Contra o juízo negativo de admissibilidade do recurso extraordinário,
exarado pela Presidência do Tribunal a quo , foi manejado agravo. Na minuta,
sustenta-se que o recurso extraordinário reúne todos os requisitos para sua
admissão. Aparelhado o recurso na afronta aos arts. 195, § 5º, e 201, I, da
Constituição Federal. Decisão recorrida publicada em 09.3.2012.
É o relatório.
Decido.
Preenchidos os pressupostos extrínsecos.
Da detida análise dos fundamentos da decisão denegatória de
seguimento do recurso extraordinário, bem como à luz das razões de decidir
adotadas pelo Tribunal de origem, por ocasião do julgamento do recurso
veiculado na instância ordinária, concluo que nada colhe o agravo.

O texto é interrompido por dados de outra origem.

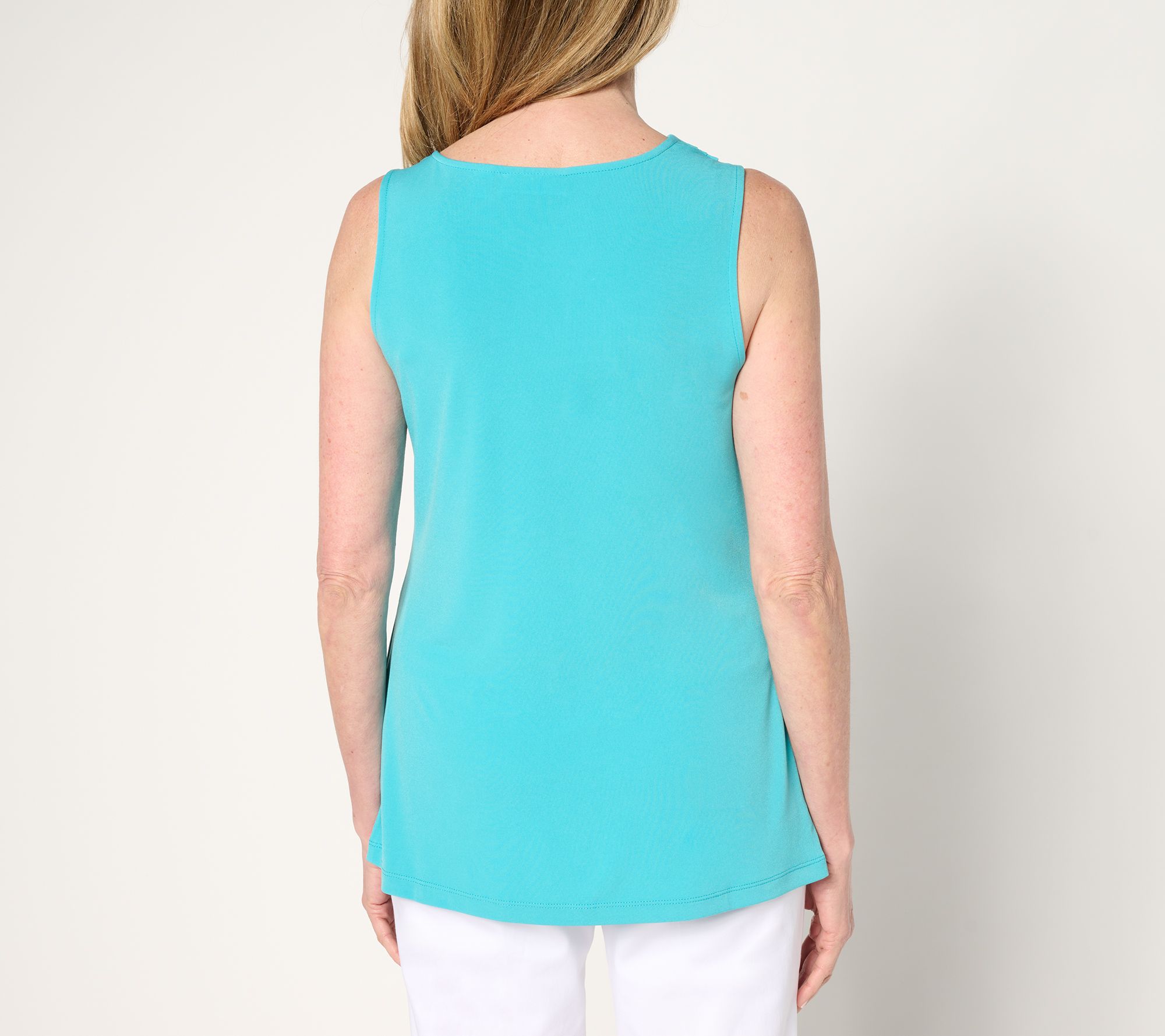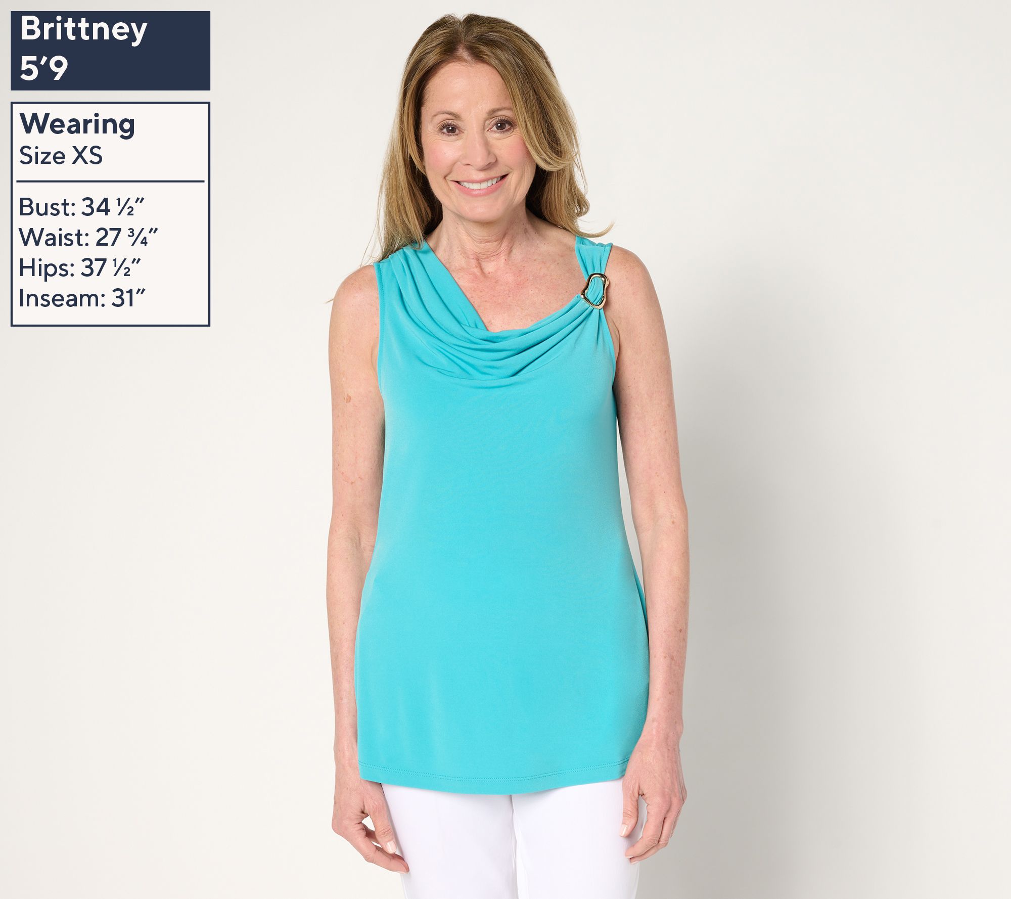Ready to add some sleek sophistication to your style? This sleeveless top offers a chic look with its cowl neckline and distinctive slide buckle trim on the left shoulder, while the smooth Liquid Knit®, fabric gives it a comfy feel. Perfect for summer soirees or for layering with blazers and sweaters when the weather gets cooler. From Susan Graver.

O Tribunal de origem, na hipótese em apreço, lastreou-se na prova
produzida para firmar seu convencimento acerca da inexistência de direito ao
benefício de aposentadoria por invalidez, razão pela qual aferir a ocorrência
de eventual afronta aos preceitos constitucionais invocados no apelo extremo
exigiria o revolvimento do quadro fático delineado, procedimento vedado em
sede extraordinária. Aplicação da Súmula 279/STF: “P ara simples reexame de
prova não cabe recurso extraordinário.” Nesse sentido: AI 838.209-AgR/MA,
Rel. Min. Gilmar Mendes, 2ª Turma, DJe 1º.8.2011; e RE 634.136-AgR/DF,
Rel. Min. Luiz Fux, 1ª Turma, DJe 20.9.2012, cuja ementa transcrevo:
“AGRAVO REGIMENTAL NO RECURSO EXTRAORDINÁRIO.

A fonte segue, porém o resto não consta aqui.